An einem solchen Sachvortrag fehlt es im Streitfall. Die Klägerin hat zur Ablehnung des B lediglich vorgetragen: B habe empört auf ihn betreffende Vorhaltungen in früheren Ablehnungsanträgen von Mandanten des A reagiert und er habe an der Zurückweisung des C betreffenden Ablehnungsgesuchs mitgewirkt und dadurch und durch die Terminierung der mündlichen Verhandlung auf den 27. Oktober 1998 bei der Klägerin den Eindruck erweckt, er wolle die Sache "durchpeitschen", um den von ihm als Querulanten angesehenen A "klein zu kriegen". Der Vortrag über das Verhalten des B in anderen Verfahren, an denen die Klägerin nicht beteiligt war, ist zu wenig substantiiert, um entscheiden zu können, ob das seinerzeitige Verhalten des B Misstrauen gegen seine Unparteilichkeit (§ 42 Abs. 2 ZPO) der Klägerin gegenüber rechtfertigen könnte. Die Mitwirkung des B am Beschluss vom 22. September 1998 und die Terminierung der mündlichen Verhandlung vor Abschluss des Beschwerdeverfahrens reichen allein noch nicht aus, um Zweifel an der Unparteilichkeit des B der Klägerin gegenüber zu wecken.

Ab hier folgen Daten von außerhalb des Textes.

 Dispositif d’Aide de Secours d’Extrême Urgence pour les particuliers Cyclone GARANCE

Es entspricht ordnungsgemäßer Prozessführung, wenn der Vorsitzende eines Senats auf den Fortgang des Rechtsstreites hinwirkt, obwohl über ein vom FG für unzulässig gehaltenes Ablehnungsgesuch noch nicht rechtskräftig entschieden worden ist. Allenfalls bei Hinzutreten weiterer Umstände, die Zweifel an der Unparteilichkeit des Richters wecken könnten, kann aus einer solchen Prozessführung auf eine Befangenheit des Richters geschlossen werden. Solche weiteren Umstände hat die Klägerin jedoch nicht vorgetragen. Zu der aufgrund der Zeitpunkte der Ablehnungsgesuche naheliegenden Schlussfolgerung des FG, die Ablehnung des B diene nur der Prozessverschleppung, hat sich die Klägerin nicht geäußert.

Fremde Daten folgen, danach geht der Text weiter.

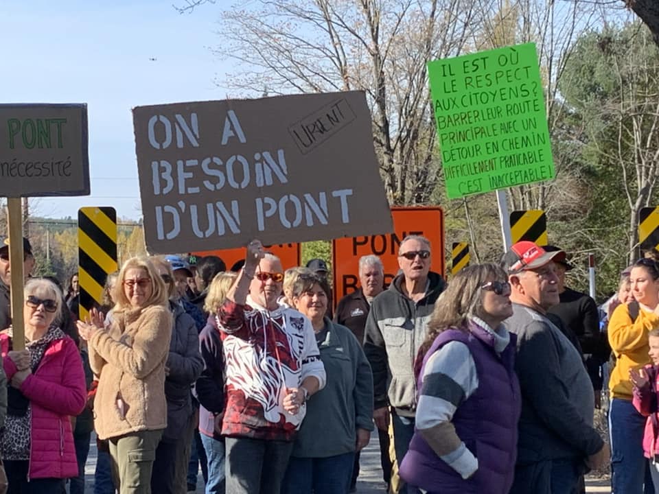 Quelques 200 personnes ont manifesté dimanche pour dénoncer la fermeture du pont de la rivière noire sur la route 347.

b) Die Klägerin hat auch keinen Verfahrensmangel i.S. des § 116 Abs. 1 Nr. 2 FGO schlüssig gerügt. In Fällen einer Richterablehnung setzt die schlüssige Rüge dieses Verfahrensmangels voraus, dass vorgetragen wird, ein an der Entscheidung der Vorinstanz mitwirkender Richter sei "mit Erfolg" abgelehnt worden. Nach dem Vortrag der Klägerin in der Revisionsbegründung hatten die B und C betreffenden Ablehnungsgesuche bisher keinen Erfolg.

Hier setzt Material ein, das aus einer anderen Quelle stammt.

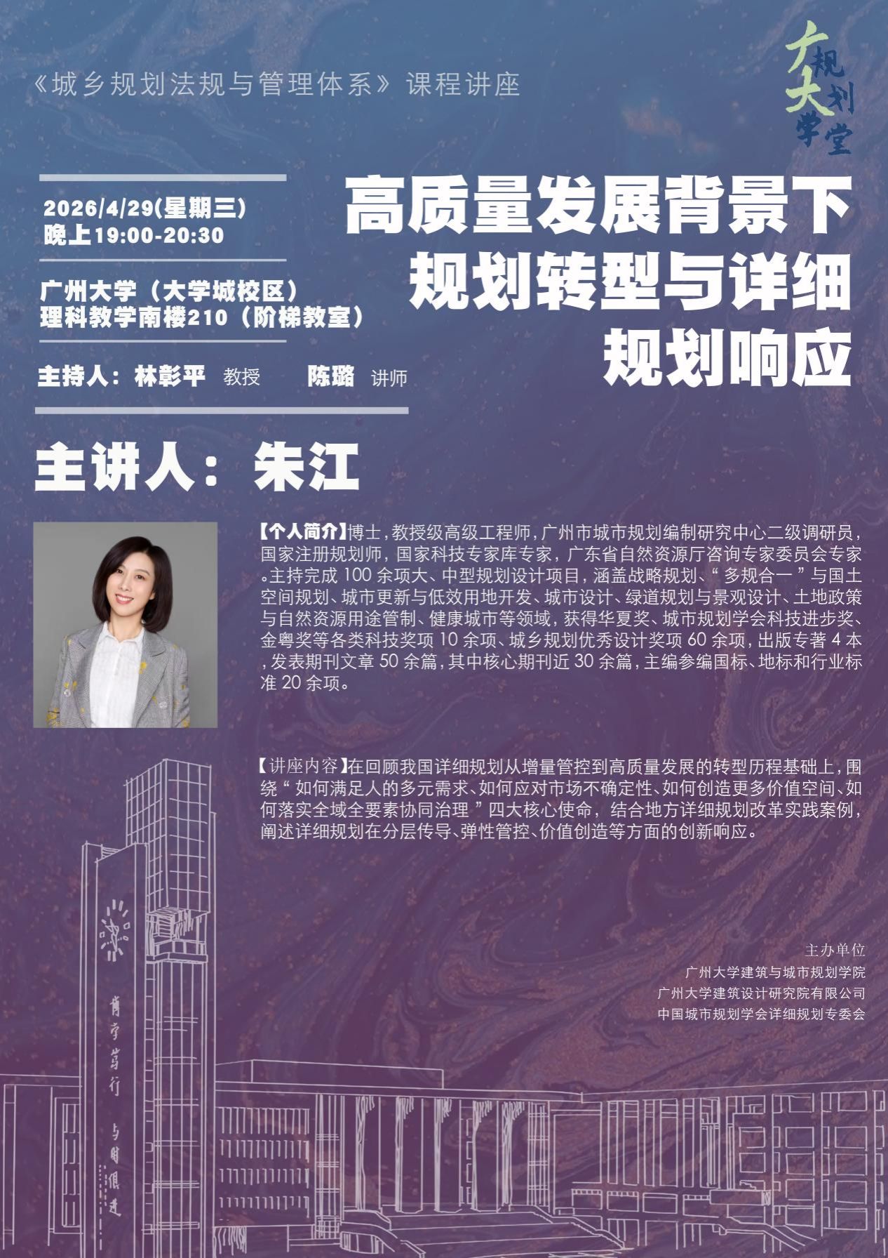 讲座预告 | 高质量发展背景下规划转型与详细规划响应;

c) Auch einen Verfahrensmangel gemäß § 116 Abs. 1 Nr. 5 FGO hat die Klägerin nicht schlüssig gerügt. Die Rüge, es fehle im FG-Urteil der Vortrag des FA, betrifft nicht die Entscheidungsgründe des Urteils, sondern dessen Tatbestand. Sie ist zudem unverständlich, da die Klägerin gleichzeitig vorgetragen hat, das FA habe sich nicht zur Sache eingelassen. Die Rüge, das FG habe sich nicht mit dem Vortrag der Klägerin zur fehlenden Begründung der angefochtenen Bescheide auseinander gesetzt, ist unschlüssig, da das FG nach dem eigenen ―und zutreffenden― Vortrag der Klägerin die Klage wegen verspäteter Bezeichnung des Gegenstands des Klagebegehrens als unzulässig abgewiesen hat. Somit waren die etwaigen Begründungsmängel der angefochtenen Bescheide entscheidungsunerheblich. Das FG musste sich deshalb mit dem entsprechenden Vortrag der Klägerin nicht auseinander setzen. Die Klägerin hat im Übrigen übersehen, dass sich das FG dennoch ―auf Blatt 9 des Urteils― mit dem entsprechenden Vortrag befasst und ihn ausdrücklich als nicht entscheidungserheblich angesehen hat.